* Dataset records:
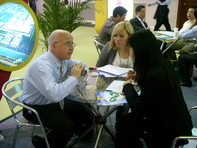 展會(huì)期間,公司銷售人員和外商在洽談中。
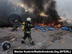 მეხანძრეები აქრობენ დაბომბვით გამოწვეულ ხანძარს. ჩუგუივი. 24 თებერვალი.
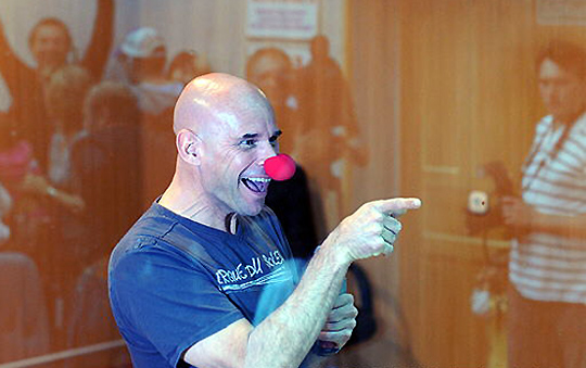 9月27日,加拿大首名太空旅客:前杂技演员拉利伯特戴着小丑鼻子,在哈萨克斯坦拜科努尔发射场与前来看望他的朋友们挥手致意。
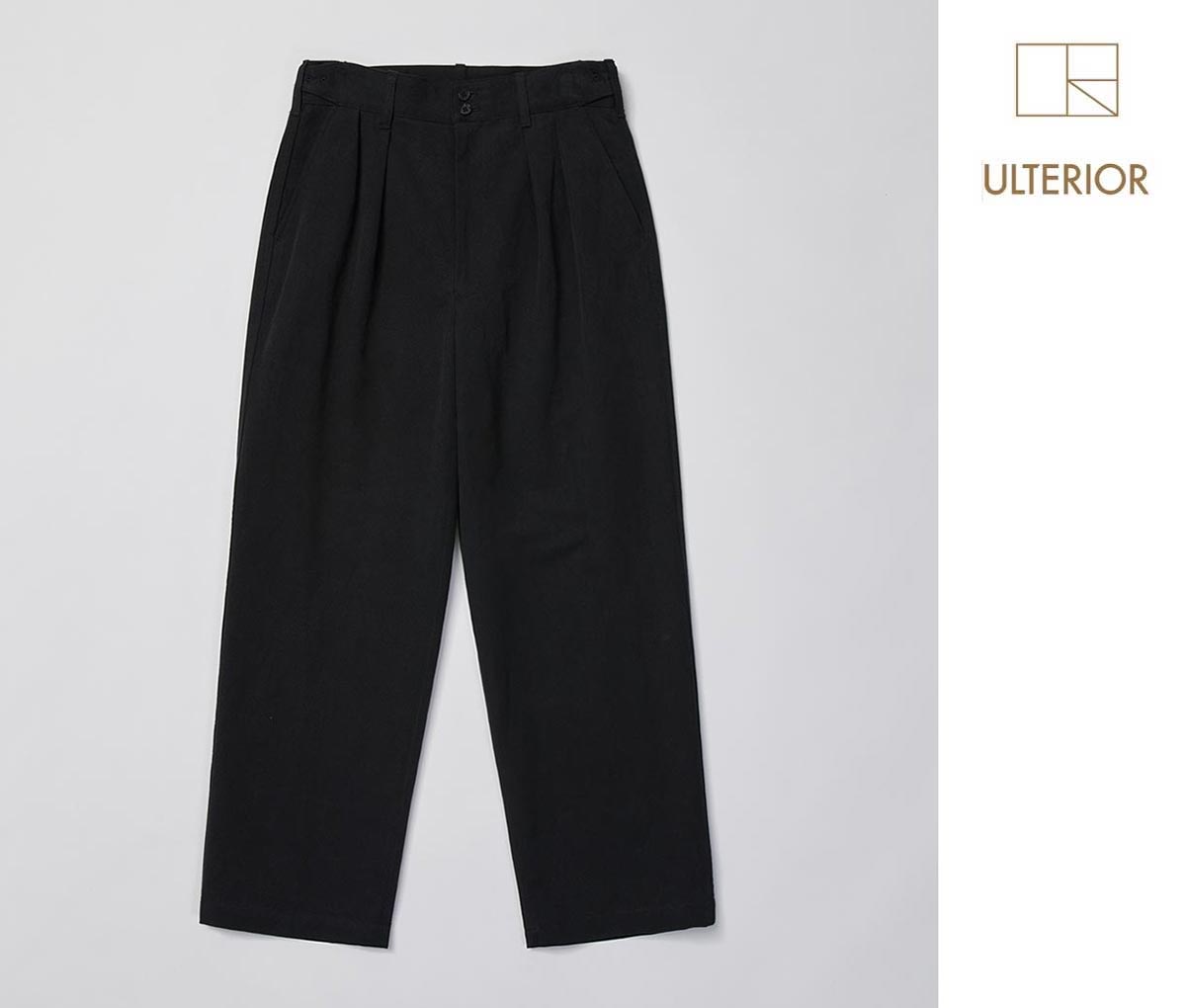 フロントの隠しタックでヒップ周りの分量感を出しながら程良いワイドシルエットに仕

--

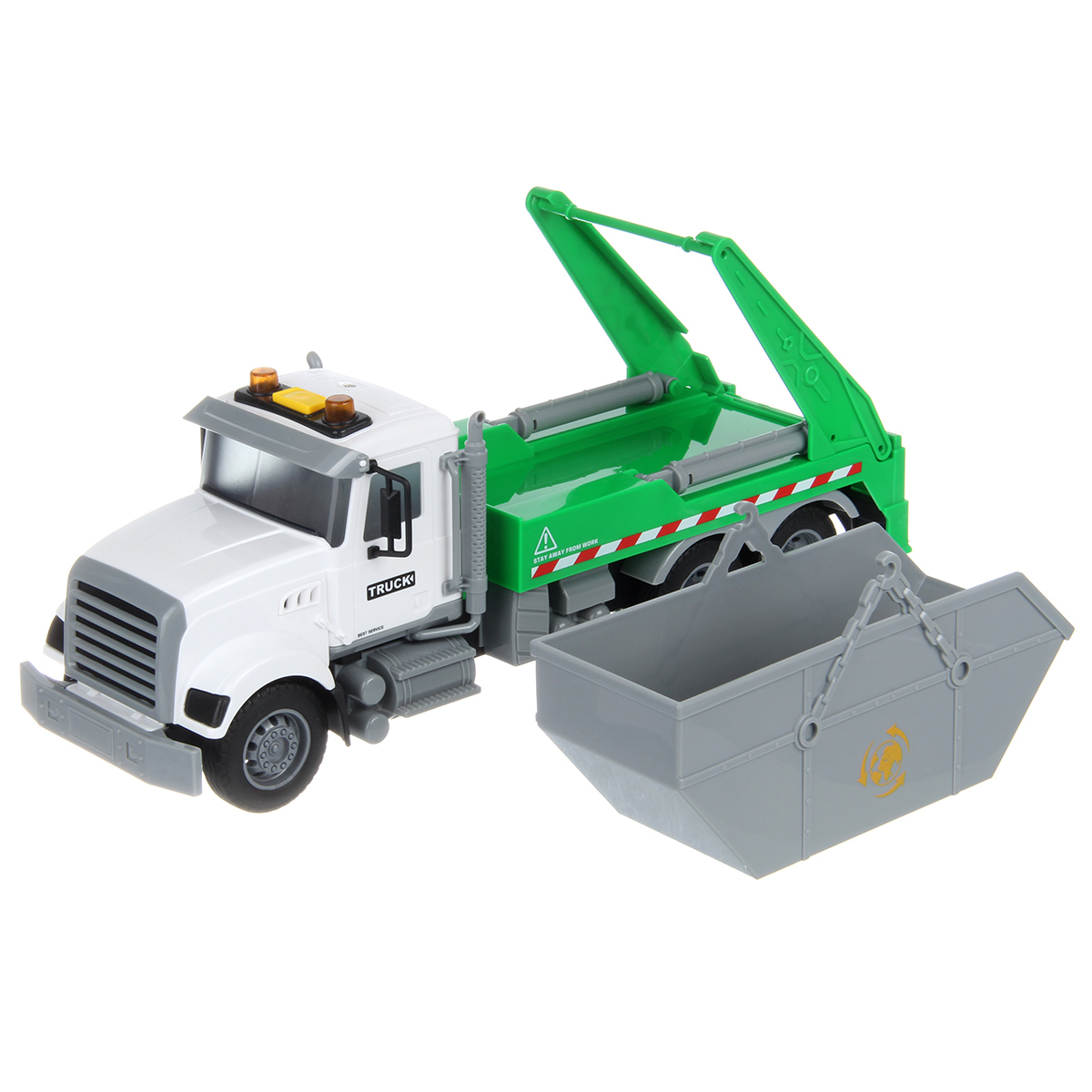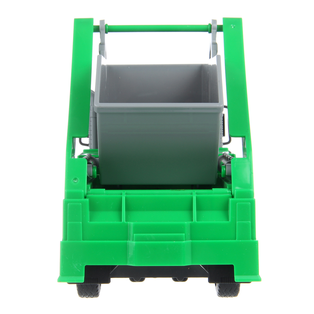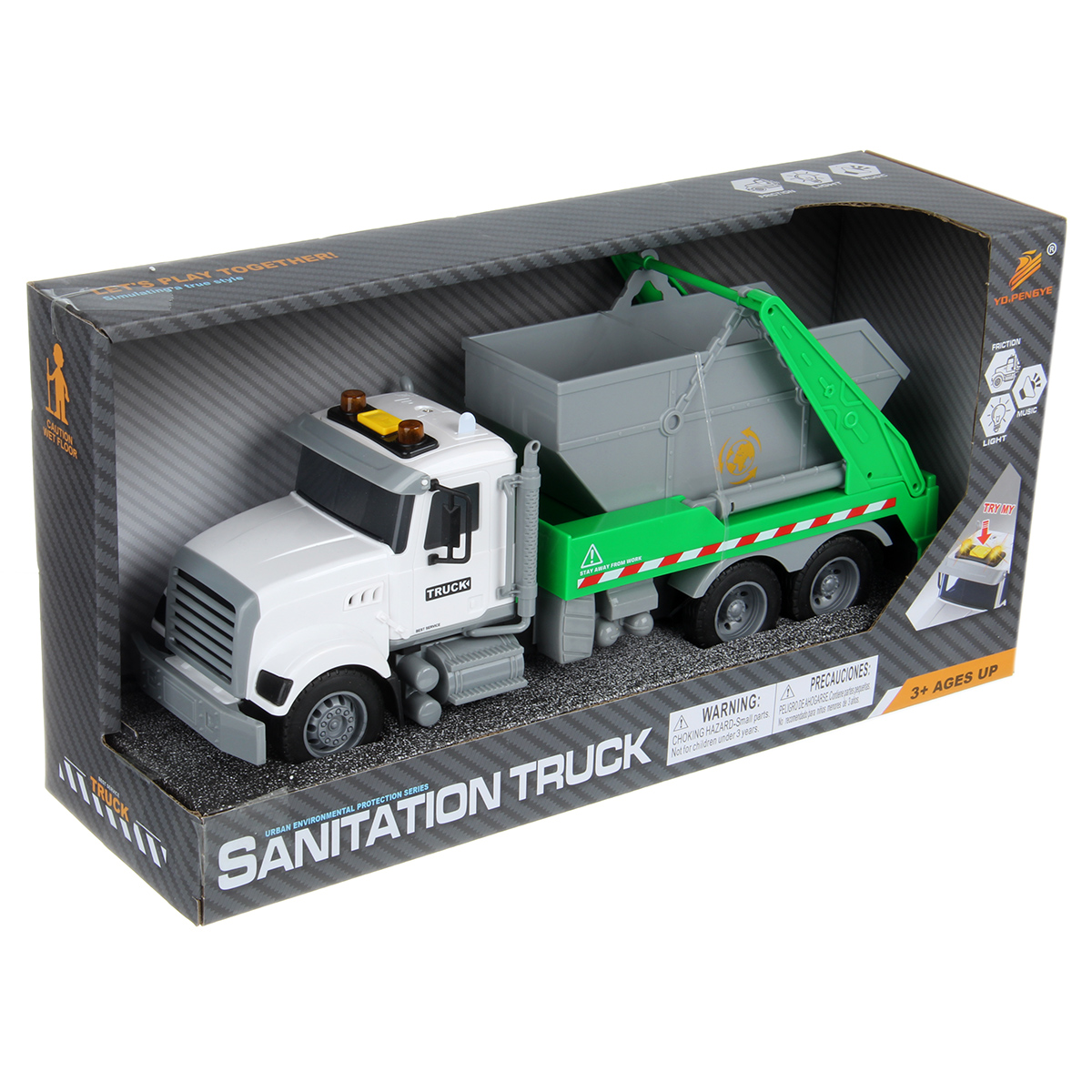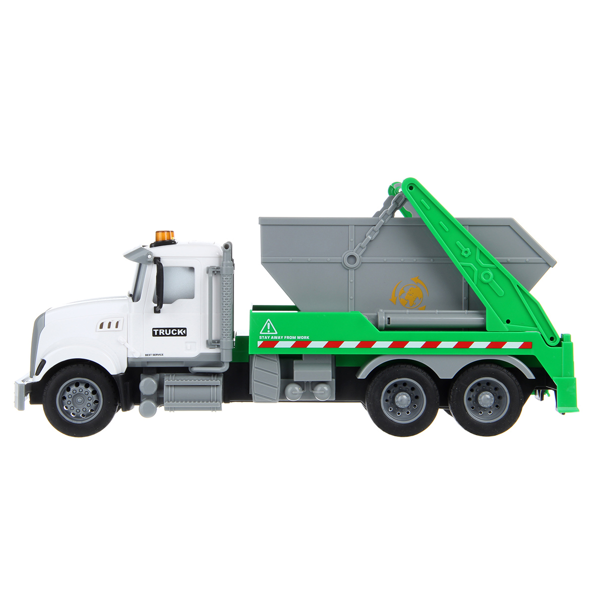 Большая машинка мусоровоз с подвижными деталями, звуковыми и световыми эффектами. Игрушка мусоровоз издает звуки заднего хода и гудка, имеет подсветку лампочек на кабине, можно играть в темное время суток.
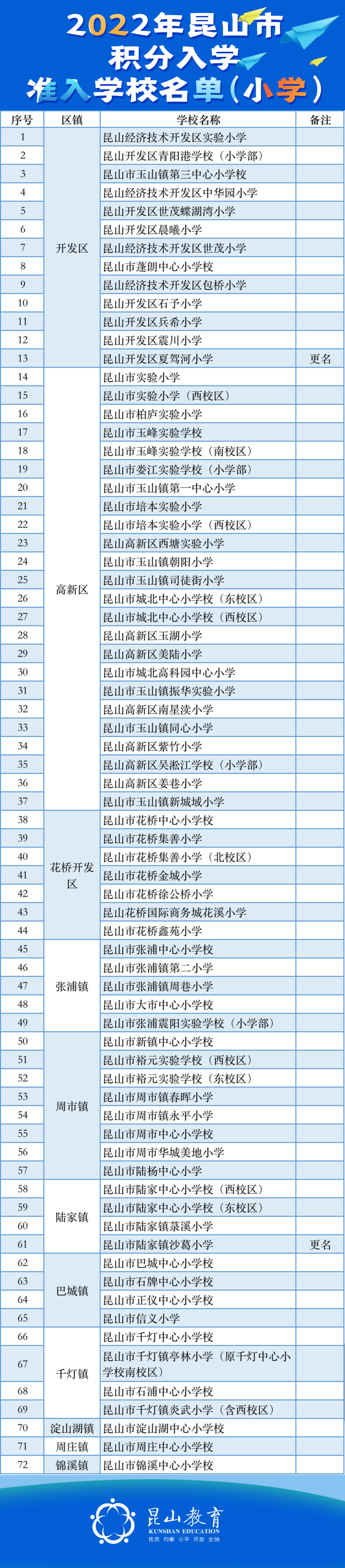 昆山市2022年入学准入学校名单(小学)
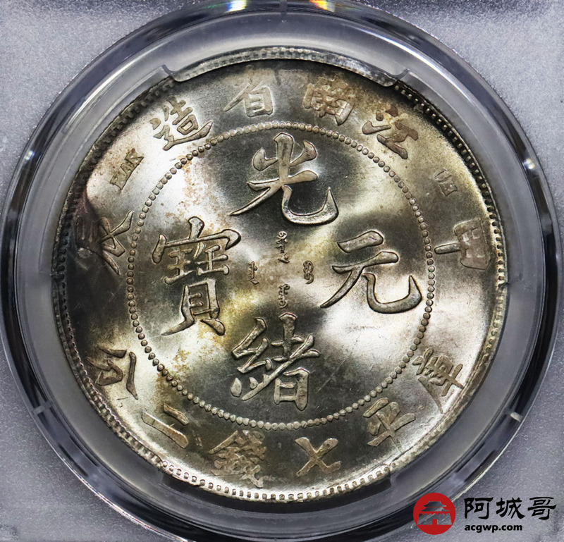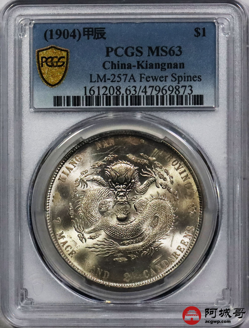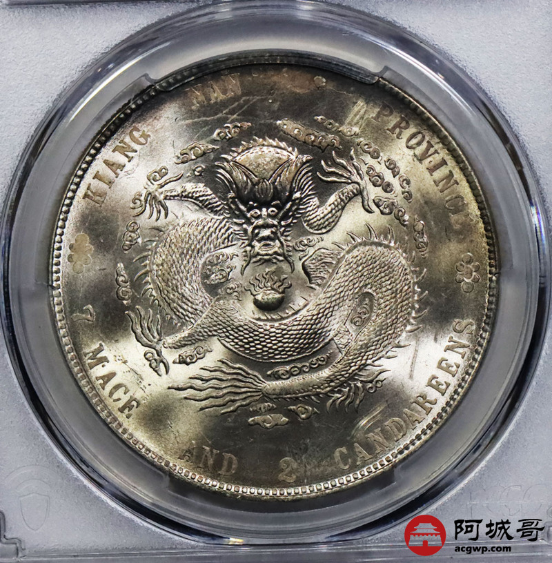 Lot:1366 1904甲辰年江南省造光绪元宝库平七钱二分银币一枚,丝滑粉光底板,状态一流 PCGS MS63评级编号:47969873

* Assigned task: Give again, exactly as written above, every line from the one holding "展會(huì)期間,公司銷售人員和外商在洽談中。" to the one holding "フロントの隠しタックでヒップ周りの分量感を出しながら程良いワイドシルエットに仕", with both ends kept and the pictures left out.

* Answer section:
 展會(huì)期間,公司銷售人員和外商在洽談中。
 მეხანძრეები აქრობენ დაბომბვით გამოწვეულ ხანძარს. ჩუგუივი. 24 თებერვალი.
 9月27日,加拿大首名太空旅客:前杂技演员拉利伯特戴着小丑鼻子,在哈萨克斯坦拜科努尔发射场与前来看望他的朋友们挥手致意。
 フロントの隠しタックでヒップ周りの分量感を出しながら程良いワイドシルエットに仕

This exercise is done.